The first-generation EGFR-TKIs provide significant clinical benefit in women, in patients who had never smoked, had pulmonary adenocarcinomas or who were of Asian origin. FDA initially approved gefitinib in May 2003 for the treatment of NSCLC with EGFR mutations, and in June 2005 the FDA withdrew approval for use in new patients due to lack of evidence that it extended life [27]. On July 13, 2015, FDA approved gefitinib as a first-line treatment for NSCLC. Moreover, gefitinib is officially approved for this treatment in dozens of countries worldwide. Erlotinib is another EGFR tyrosine kinase inhibitor that has a similar mechanism of action to gefitinib [28]. The gefitinib or erlotinib as first- or second-line therapy or maintenance therapy improved objective response rate (ORR) and PFS for patients with advanced NSCLC, but unable to prolong overall survival (OS) [29, 30]. Furthermore, these first-generation TKIs have shown high incidence of adverse events: mild to moderate skin toxicity (rash, itching, and dry skin), gastrointestinal reactions (diarrhea and nausea), and fatigue [31, 32]. Nevertheless, people initially responding to gefitinib or erlotinib therapy invariably develop resistance, thereby limiting median PFS to 14 months and a median OS of 27 months [33]. In short, all patients inevitably develop acquired resistance to these agents, and secondary EGFR mutations are the major contributors.

5. Second-generation TKIs

The second-generation EGFR-TKIs include afatinib and dacomitinib. Unlike gefitinib and erlotinib, these agents covalently bind EGFR at cysteine 797, leading to more efficient EGFR inhibition in preclinical models.
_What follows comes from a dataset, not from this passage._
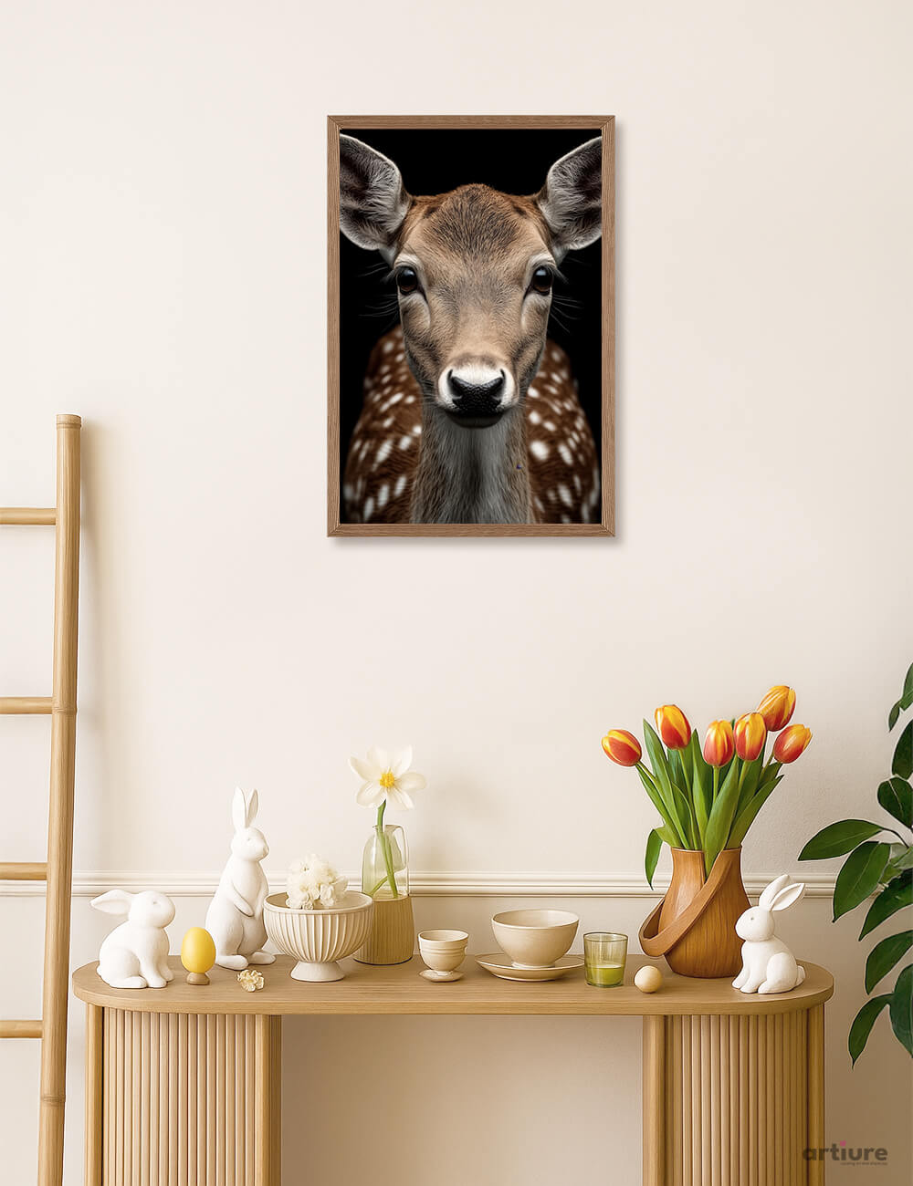 This portrait of a deer captures a young deer in a tender, front-facing portrait that feels calm, pure, and timeless. Fine fur, delicate markings, and wide, attentive eyes create an emotional connection rooted in innocence. The dark background isolates the subject, allowing warm natural tones to glow softly without distraction. Balanced composition and gentle lighting enhance texture while preserving simplicity. This artwork symbolizes new beginnings, vulnerability, and harmony with nature. Ideal for peaceful interiors, children’s spaces, or nature-inspired collections, the print brings warmth, serenity, and a sense of quiet wonder, inviting viewers to slow down, reflect, and appreciate life’s gentler rhythms everywhere always.

Afatinib has been approved as first-line treatment of advanced NSCLC harboring activating EGFR mutations [34]. Although the irreversible EGFR inhibitor afatinib can inhibit EGFR T790M in vitro, its use in patients is limited by skin and gastrointestinal toxicities at the doses required to achieve inhibition of EGFR T790M. Dacomitinib treatment is associated with promising PFS as first-line therapy in patients with EGFR-mutant non-small-cell lung cancer [35]. The second-generation EGFR-TKIs increase the efficacy over first-generation EGFR-TKIs and overcome the adverse events.

5.1. Afatinib

Afatinib (BIBW 2992) is an orally, irreversible EGFR-TKI. It is an ATP-competitive aniline-quinazoline derivative harboring a reactive acrylamide group. Afatinib is able to block EGFR, HER2 and HER4 kinases, forming covalent and irreversible bonds, and acting also on cancer cell harboring T790M mutations [36]. The irreversible, covalent binding of afatinib leads to a longer suppression of the receptor kinase activity than the reversible first-generation EGFR-TKIs, because the kinase activity is suppressed until the synthesis of new receptors [37].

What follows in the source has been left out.